--- Input data Enclosed Below ---

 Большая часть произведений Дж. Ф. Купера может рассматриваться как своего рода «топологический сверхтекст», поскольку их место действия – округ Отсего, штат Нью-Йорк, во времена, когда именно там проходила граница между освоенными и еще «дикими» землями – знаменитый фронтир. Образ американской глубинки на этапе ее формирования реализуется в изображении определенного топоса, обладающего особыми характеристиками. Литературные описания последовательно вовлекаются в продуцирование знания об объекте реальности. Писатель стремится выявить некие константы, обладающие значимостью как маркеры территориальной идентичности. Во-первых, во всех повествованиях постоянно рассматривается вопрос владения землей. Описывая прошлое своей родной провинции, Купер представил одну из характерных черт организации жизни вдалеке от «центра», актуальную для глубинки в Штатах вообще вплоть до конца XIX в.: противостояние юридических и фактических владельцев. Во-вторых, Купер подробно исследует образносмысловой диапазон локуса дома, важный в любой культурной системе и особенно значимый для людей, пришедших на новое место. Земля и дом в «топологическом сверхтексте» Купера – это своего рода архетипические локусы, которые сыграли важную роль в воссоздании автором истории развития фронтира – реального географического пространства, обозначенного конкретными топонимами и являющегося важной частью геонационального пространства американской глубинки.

--- End of Enclosed Input data ---
--- Input data Enclosed Below ---

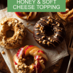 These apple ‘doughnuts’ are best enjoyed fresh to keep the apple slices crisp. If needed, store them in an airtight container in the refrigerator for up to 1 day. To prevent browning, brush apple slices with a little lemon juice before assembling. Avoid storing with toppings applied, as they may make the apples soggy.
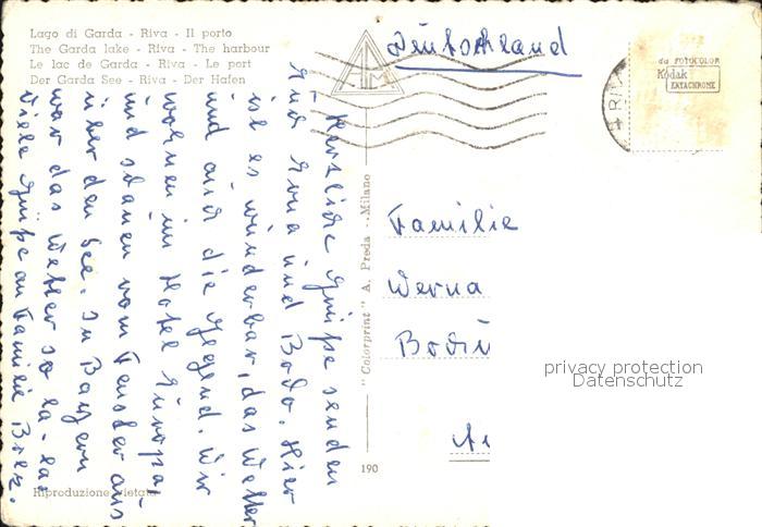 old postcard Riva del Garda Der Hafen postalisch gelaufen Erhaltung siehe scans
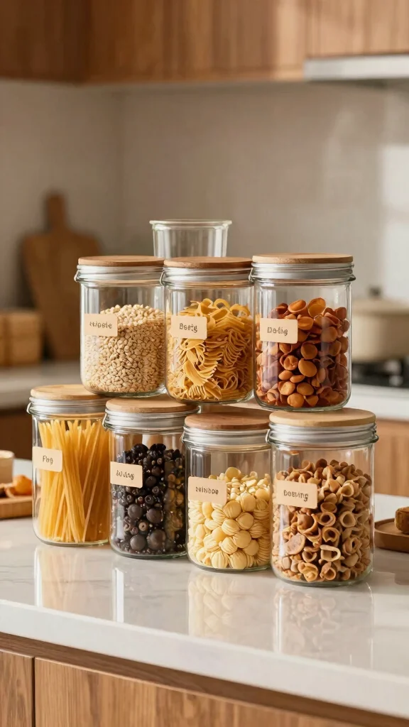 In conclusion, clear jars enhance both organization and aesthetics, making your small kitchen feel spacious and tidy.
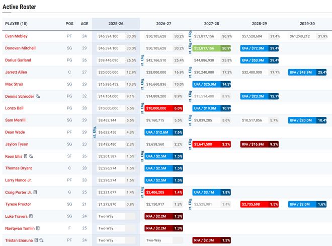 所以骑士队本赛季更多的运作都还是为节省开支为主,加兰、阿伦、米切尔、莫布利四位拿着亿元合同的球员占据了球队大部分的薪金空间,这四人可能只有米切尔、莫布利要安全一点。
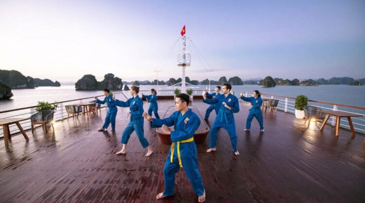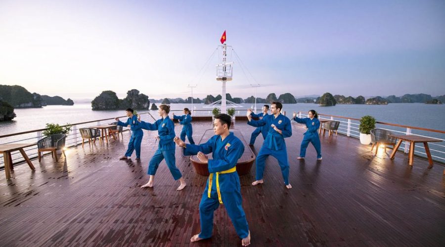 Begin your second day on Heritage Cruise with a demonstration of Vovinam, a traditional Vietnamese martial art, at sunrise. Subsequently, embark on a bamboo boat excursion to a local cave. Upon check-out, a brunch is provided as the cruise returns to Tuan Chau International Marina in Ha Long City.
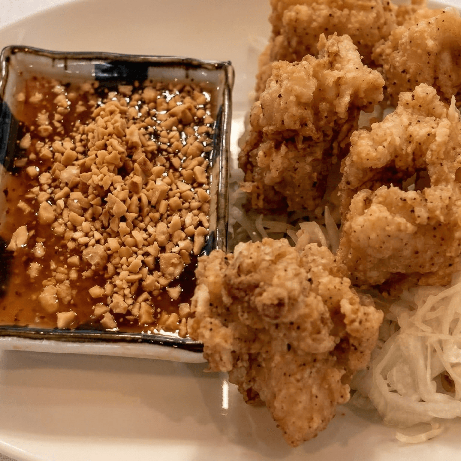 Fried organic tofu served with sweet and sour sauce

--- End of Enclosed Input data ---
--- Input data Enclosed Below ---

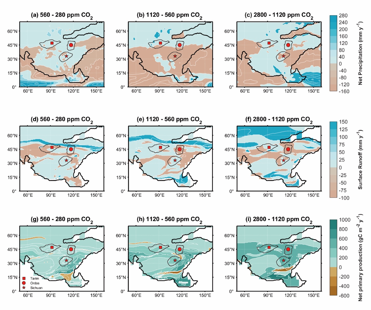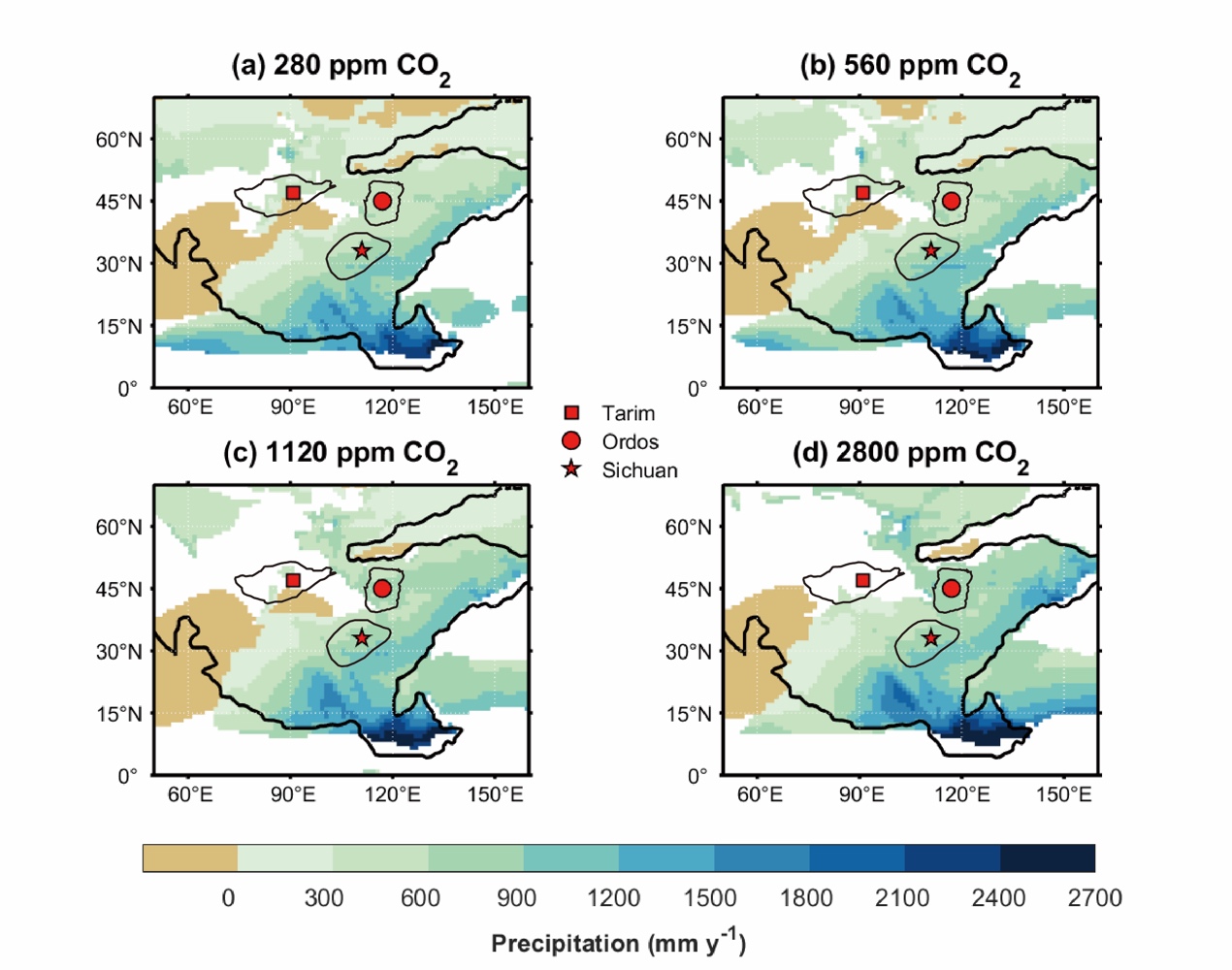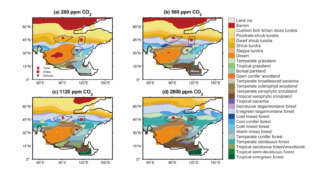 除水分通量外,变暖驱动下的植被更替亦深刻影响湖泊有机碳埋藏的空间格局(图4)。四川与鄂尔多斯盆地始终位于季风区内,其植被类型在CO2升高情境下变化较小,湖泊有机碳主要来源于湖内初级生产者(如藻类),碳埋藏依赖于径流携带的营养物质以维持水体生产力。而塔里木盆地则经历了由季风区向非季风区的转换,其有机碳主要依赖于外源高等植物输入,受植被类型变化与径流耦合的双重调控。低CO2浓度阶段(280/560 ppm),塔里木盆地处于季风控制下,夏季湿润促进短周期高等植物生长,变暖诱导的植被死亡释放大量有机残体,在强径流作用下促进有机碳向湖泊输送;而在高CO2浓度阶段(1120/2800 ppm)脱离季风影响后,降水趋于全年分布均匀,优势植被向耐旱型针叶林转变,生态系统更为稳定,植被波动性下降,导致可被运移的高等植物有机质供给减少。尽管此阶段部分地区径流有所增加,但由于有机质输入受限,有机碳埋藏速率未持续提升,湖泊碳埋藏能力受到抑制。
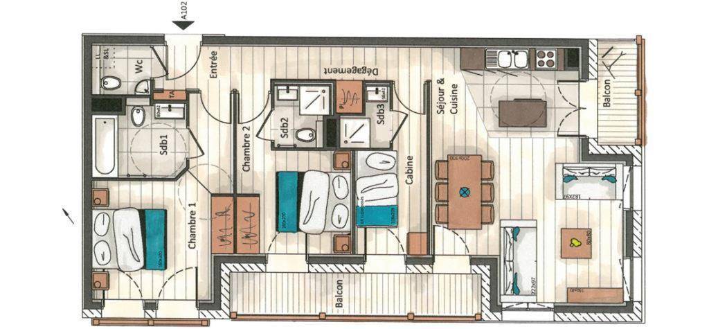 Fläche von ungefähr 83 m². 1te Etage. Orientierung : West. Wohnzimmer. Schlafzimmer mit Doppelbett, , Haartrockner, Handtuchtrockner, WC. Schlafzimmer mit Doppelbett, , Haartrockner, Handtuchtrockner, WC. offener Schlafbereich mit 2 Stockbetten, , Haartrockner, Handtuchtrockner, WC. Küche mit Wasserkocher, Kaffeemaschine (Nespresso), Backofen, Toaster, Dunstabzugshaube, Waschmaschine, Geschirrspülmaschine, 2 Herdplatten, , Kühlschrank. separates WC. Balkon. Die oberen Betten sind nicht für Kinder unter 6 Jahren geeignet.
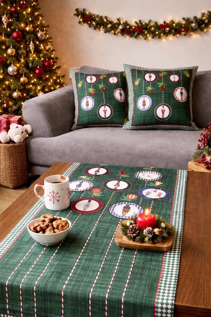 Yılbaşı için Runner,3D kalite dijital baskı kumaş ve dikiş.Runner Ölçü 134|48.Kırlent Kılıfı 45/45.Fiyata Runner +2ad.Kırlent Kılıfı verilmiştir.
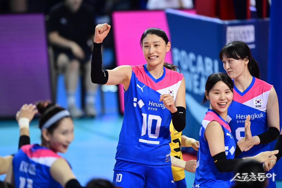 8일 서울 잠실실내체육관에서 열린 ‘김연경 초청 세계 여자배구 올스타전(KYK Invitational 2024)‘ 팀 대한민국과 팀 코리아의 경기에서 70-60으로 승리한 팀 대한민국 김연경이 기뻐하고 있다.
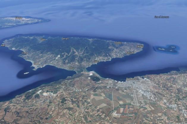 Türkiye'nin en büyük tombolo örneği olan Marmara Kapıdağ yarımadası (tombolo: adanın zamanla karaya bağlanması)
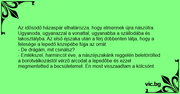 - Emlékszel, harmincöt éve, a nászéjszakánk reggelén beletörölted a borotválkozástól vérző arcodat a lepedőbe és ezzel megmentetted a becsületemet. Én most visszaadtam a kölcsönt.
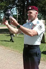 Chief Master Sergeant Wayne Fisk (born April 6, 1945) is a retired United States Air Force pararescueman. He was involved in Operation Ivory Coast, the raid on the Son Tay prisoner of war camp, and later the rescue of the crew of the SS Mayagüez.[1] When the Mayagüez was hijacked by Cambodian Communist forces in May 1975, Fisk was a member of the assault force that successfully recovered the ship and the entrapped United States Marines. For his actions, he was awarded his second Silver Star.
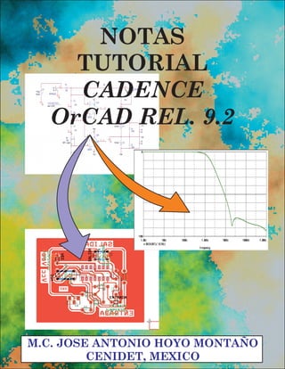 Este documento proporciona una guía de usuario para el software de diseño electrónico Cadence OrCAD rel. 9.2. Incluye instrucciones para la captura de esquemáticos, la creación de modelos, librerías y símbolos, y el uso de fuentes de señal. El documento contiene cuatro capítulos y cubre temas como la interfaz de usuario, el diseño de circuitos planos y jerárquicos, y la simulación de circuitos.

--- End of Enclosed Input data ---

Goal of the exercise :: In the material above, which lines fall between the one holding "Begin your second" and the one holding "Fried organic tofu", inclusive? Print exactly those, with the pictures left out.

Problem solution ::
 Begin your second day on Heritage Cruise with a demonstration of Vovinam, a traditional Vietnamese martial art, at sunrise. Subsequently, embark on a bamboo boat excursion to a local cave. Upon check-out, a brunch is provided as the cruise returns to Tuan Chau International Marina in Ha Long City.
 Fried organic tofu served with sweet and sour sauce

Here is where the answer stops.